The recovery remains underway. (Kevin Lamarque/Reuters)

Home values in a few states have surpassed the price peaks reached during the housing boom, but that doesn’t mean a return to the days of frothy pricing.

In March, Colorado, North Dakota, South Dakota, Texas, Wyoming and the District of Columbia exceeded their old highs, the mortgage firm CoreLogic reported Tuesday based on its own price index. Still, there’s no reason to fear a price bubble in those markets,  said Mark Fleming, the group's chief economist.

Home values in those states are reacting to improved economies in their respective regions, Fleming said. For instance, prices are doing well in Texas, Colorado and the Dakotas because significant growth in the energy business is attracting an influx of new residents to those states, just as a reliable supply of work continues to draw people to the D.C. area. There’s nothing to worry about when home prices rise in line with economic fundamentals, Fleming said.

Increased demand for homes leads to price growth, especially when the supply is tight. “You only need a little positive price appreciation and strong demographics going in your favor in those areas to surpass the prior peak,” Fleming said.  “None of those were bubble markets.”

By contrast, California and Nevada were, and prices there are rising for different reasons.

Home values in those states climbed fastest during the boom years and then crashed hardest during the crisis. They too experienced price gains in March from a year ago, with increases of 17.2 percent in California and 15.5 percent in Nevada.  But these hard-hit states also have more ground to recover.

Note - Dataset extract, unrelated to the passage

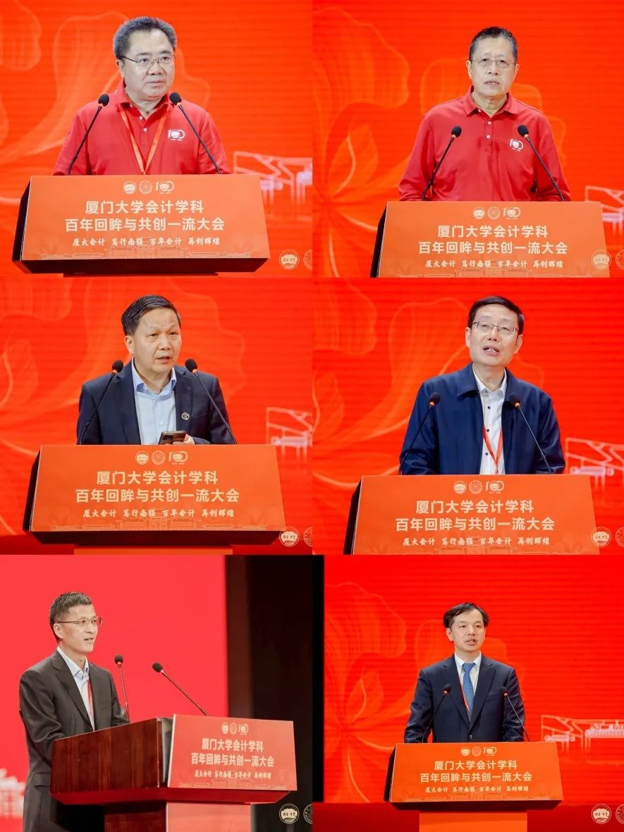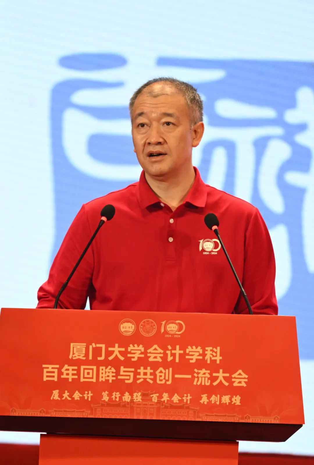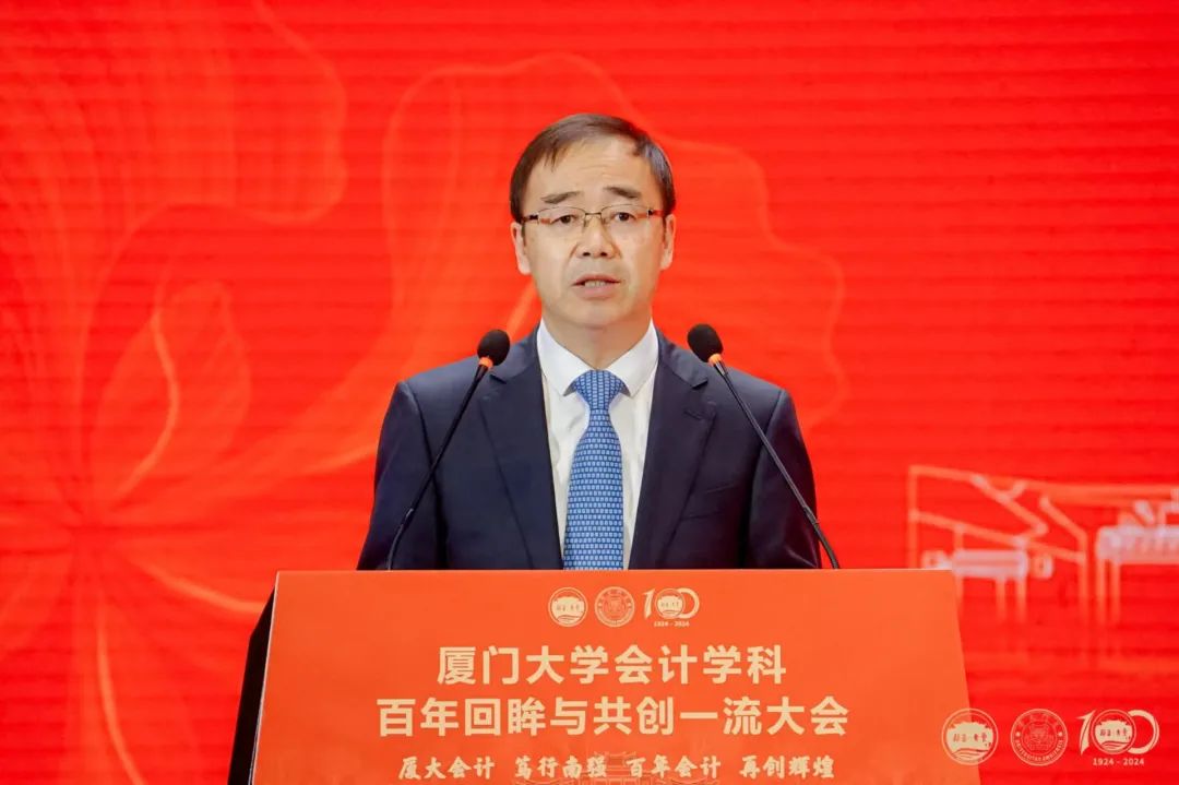 厦门大学校长张宗益代表学校向会计学科创建100周年表示热烈祝贺。他表示,会计学科作为厦门大学的重要优势学科和支柱学科之一,始终秉持“自强不息,止于至善”的校训精神。百年来,会计学科名师辈出、学脉悠长,作育英才、桃李天下,勇攀高峰、硕果累累。他指出,以数字化技术为主导的新一轮科技革命和产业变革迅猛发展,引发社会经济环境和产业发展格局发生深刻变化,为会计理论和实务研究创造了更大的舞台和空间,也提出了更高的要求和挑战。张宗益对厦门大学会计学科的未来发展提出以下展望:立足新的历史起点,厦大会计应以习近平总书记致厦门大学建校100周年重要贺信精神领航,传承优良传统,回应时代期望,站稳中国立场,勇争世界一流,彰显厦大特色。一是要创新育人模式,着力培养引领未来的会计专业人才,积极构建产学研用多要素融合、多主体协同的育人机制。二是要强化内涵建设,服务建构中国自主的会计知识体系,构建具有主体性、原创性,彰显中国特色和优势的会计学科体系、学术体系和话语体系。三是要提升服务能级,积极贡献经世致用的一流创新成果,要进一步发挥咨政建言、服务科学决策的智库功能。

Consider that prices in Nevada declined 60 percent from peak to trough. That means a home valued at $1 million during the boom, was worth $400,000 during the bust.  Even if it’s gained 30 percent in value since then, it’s still only at just over half of what it was worth at its peak.

“In places that remain way down from their peak, there are still quite a few borrowers that are upside down,” meaning they owe more on their mortgages than their homes are worth, said Sam Khater, CoreLogic’s chief deputy economist. “Those markets still suffer from distress despite the price gains.”

Many of those states experienced extraordinary double-digit price increases during the past two years only because investors stepped in, bought distressed properties at huge discounts and helped put a bottom under the market.  But now that home prices and mortgage rates are climbing, the investors are retreating and the price gains are moderating.

CoreLogic estimates that prices will rise 6.7 percent percent in the coming year.